After I told Violet about Teenie and Split World, I walked downstairs and spent the evening alone. It took me a while to find a place for the knife in the drawer, but in the end I decided to push it far to the back, away from the other objects. When I closed the drawer, I realized that the thing had helped to harden me to my task. I was no longer just looking for Mark. I wanted something more—exposure. I wanted to fill in the features of that missing face.
A couple of hours after Violet left home for Bill's studio, I was pressing a buzzer that read T.G./S.M. at 21 Franklin Street. To my surprise, I was immediately let in. A short, muscular boy wearing only a pair of shorts opened the steel door to Teddy Giles's fifth-floor loft. When the door was fully opened, I saw the boy's tanned body from every angle, and I saw myself, because all four walls of the entryway were mirrors.

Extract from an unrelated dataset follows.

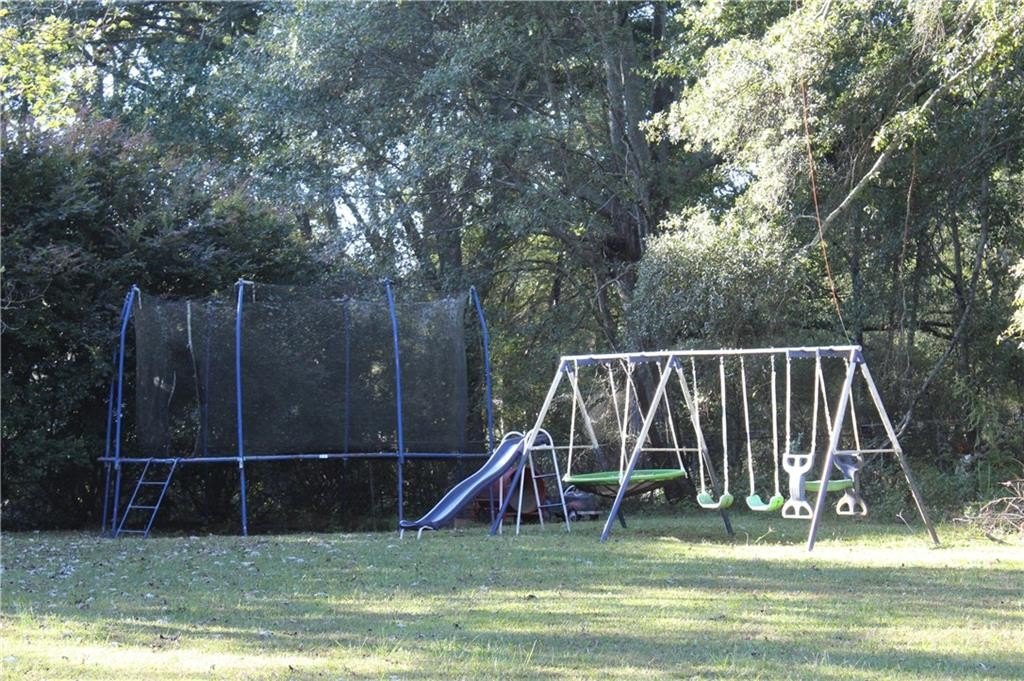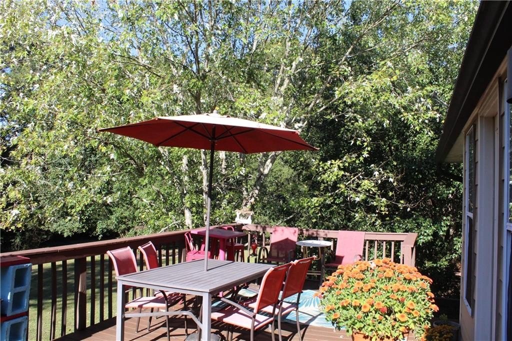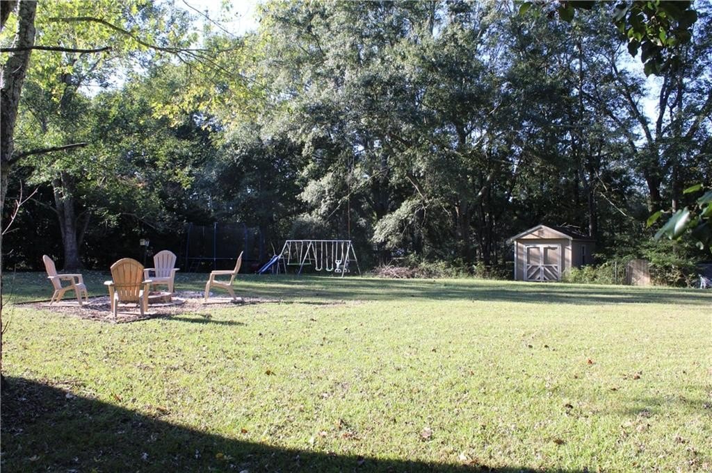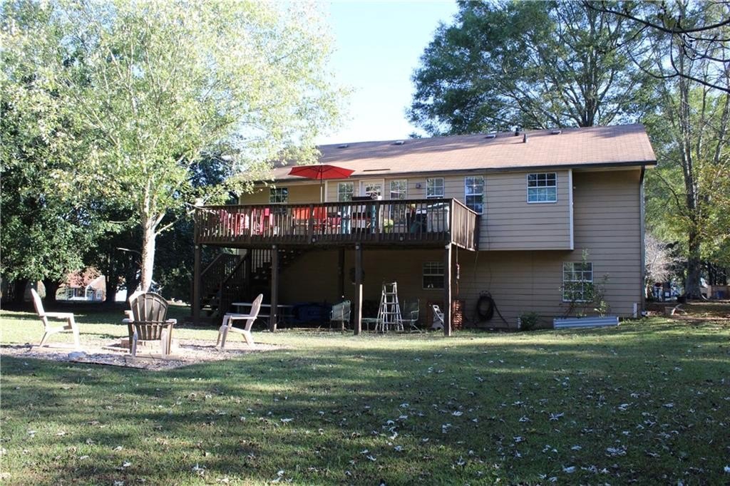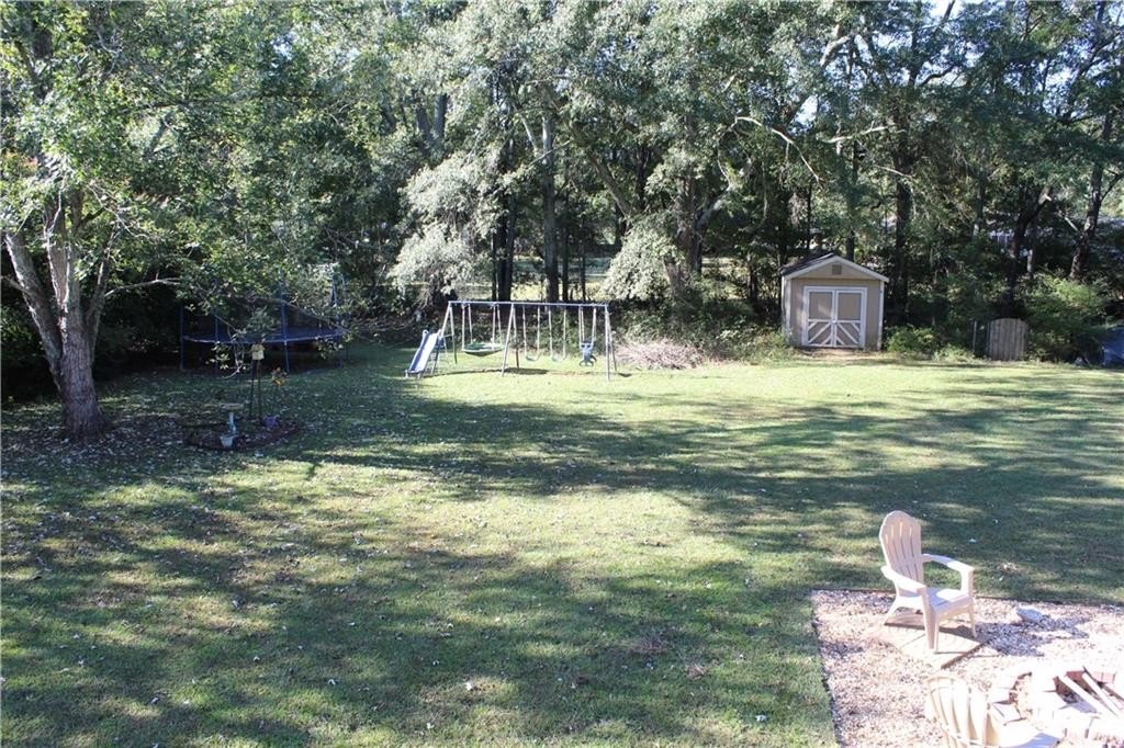 This lovely home offers a spacious floor plan for entertainment in the central hub or out on the large back deck overlooking a grand yard. The quaint fire pit will be perfect for relaxing outdoors and staying toasty warm with the coming fall temps. The outbuilding can serve as extra storage or make it your private art studio in the midst of nature’s beauty. Your pups have a place too in the 30x50 fenced dog run with a doghouse already in place. The interior of the home has 4 bedrooms tucked away for privacy with a split floor plan. The Master Bedroom has a large bay window view of the beautiful front yard oak trees, features vaulted ceilings, a large walk-in closet, ceiling fan, and a private master bath with soaking tub and separate shower. Bedrooms 2 and 3 are adjacent a full bath also conveniently located off the living room and on the opposite side of the home. High ceilings and natural light fill the kitchen, which has lots of cabinetry, tiled backsplash and stainless-steel appliances. The living room has a natural wood-burning stone fireplace where you can cozy up with family. And the lower level of the home has an oversized large 4th bedroom, media room, or playroom with tiled ceramic floors. There is also a 3rd full bath at this level along with additional storage and a utility/laundry room. The garage also offers plenty of storage and parking for two autos with separately controlled remote doors. This fantabulous home sits on over half an acre and has NO HOA! It’s a tranquil and peaceful haven nestled conveniently within a short drive of all conveniences, and easy access to I-85 and Hwy 316/29 University Pkwy. This could be the one for you! Schedule your tour today and let’s make this your new Home Sweet Home.
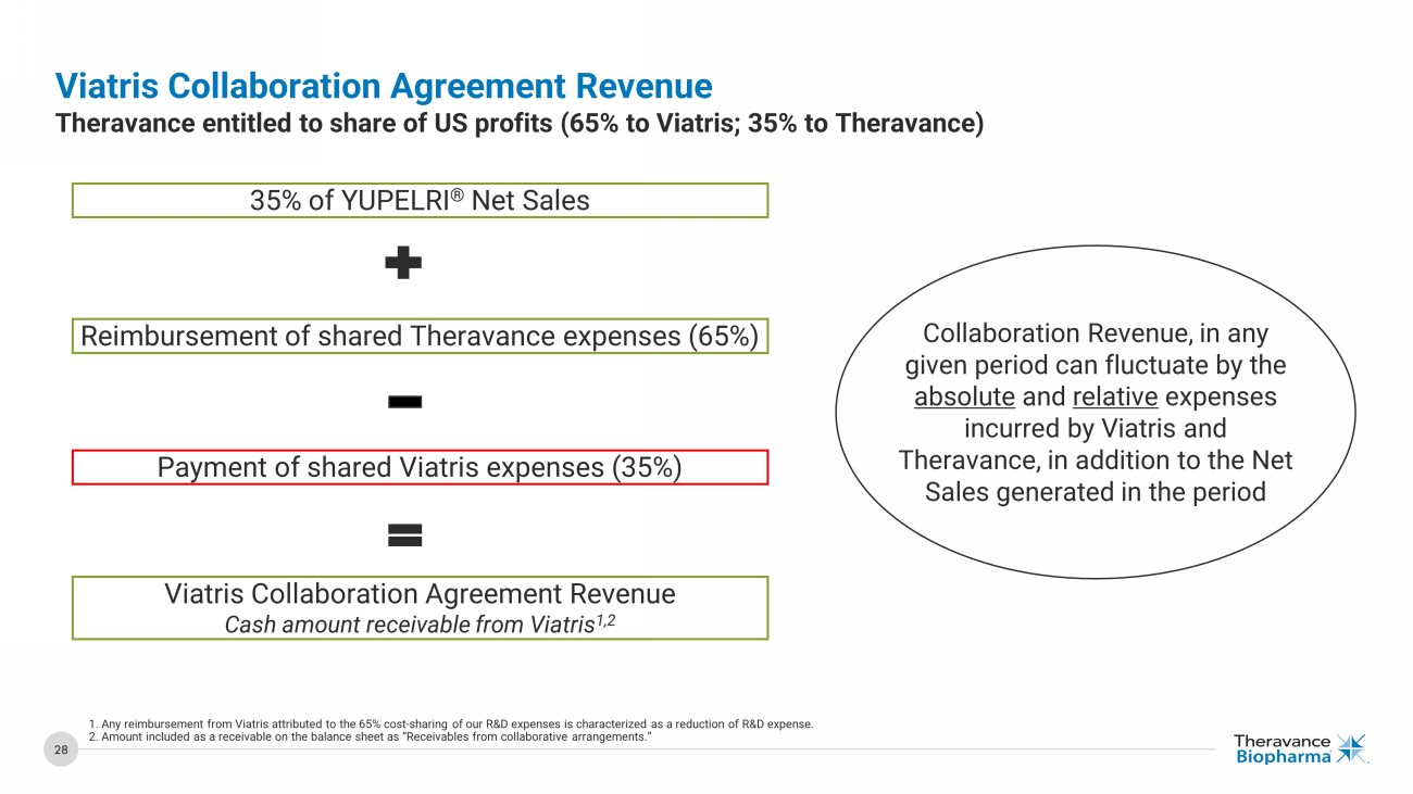 1 In the US, Viatris is leading the commercialization of YUPELRI, and the Company co-promotes the product under a profit and loss sharing arrangement (65% to Viatris; 35% to the Company).

"I'm here to see Teddy Giles," I said.
"I think he's asleep."
"It's very important," I said.
The boy turned around, opened a mirror that turned out to be also a door, and vanished. To my right was a large room with an immense orange sofa and two voluminous chairs—one turquoise, the other purple. Everything in the room looked new: the floors, the walls, the light fixtures. As I studied the room, I realized that the phrase "new money" didn't begin to cover what I was looking at. These furnishings were the product of instant money—a few big sales converted into real estate so fast that the agents, lawyers, architect, and contractor must have found themselves breathless. The apartment smelled of cigarette smoke and, more vaguely, of garbage. A pink sweater and several pairs of women's shoes lay on the floor. There were no books in that room, but there were hundreds of magazines. Glossy art and fashion periodicals were stacked in tall piles on the single coffee table. More were spread out on the floor, and I noticed that some of their pages had been marked with yellow and pink Post-its. On the far wall were three enormous photographs of Giles. In the first, he was dressed as a man and was dancing with a woman who reminded me of Lana Turner in The Postman Always Rings Twice. In the second, he was in female persona, wearing a garish blond wig and a silver evening gown that hugged his artificial breasts and padded hips. In the third picture, Giles appeared to have gone to pieces by some visual trick and was eating the flesh of his own severed right arm. While I was studying the now familiar images, Giles appeared from behind the mirrored door. He was wearing a red silk Japanese kimono that looked authentic. The heavy silk made a noise as he walked toward me. He smiled. "Professor Hertzberg," he said. "To what do I owe this pleasure?"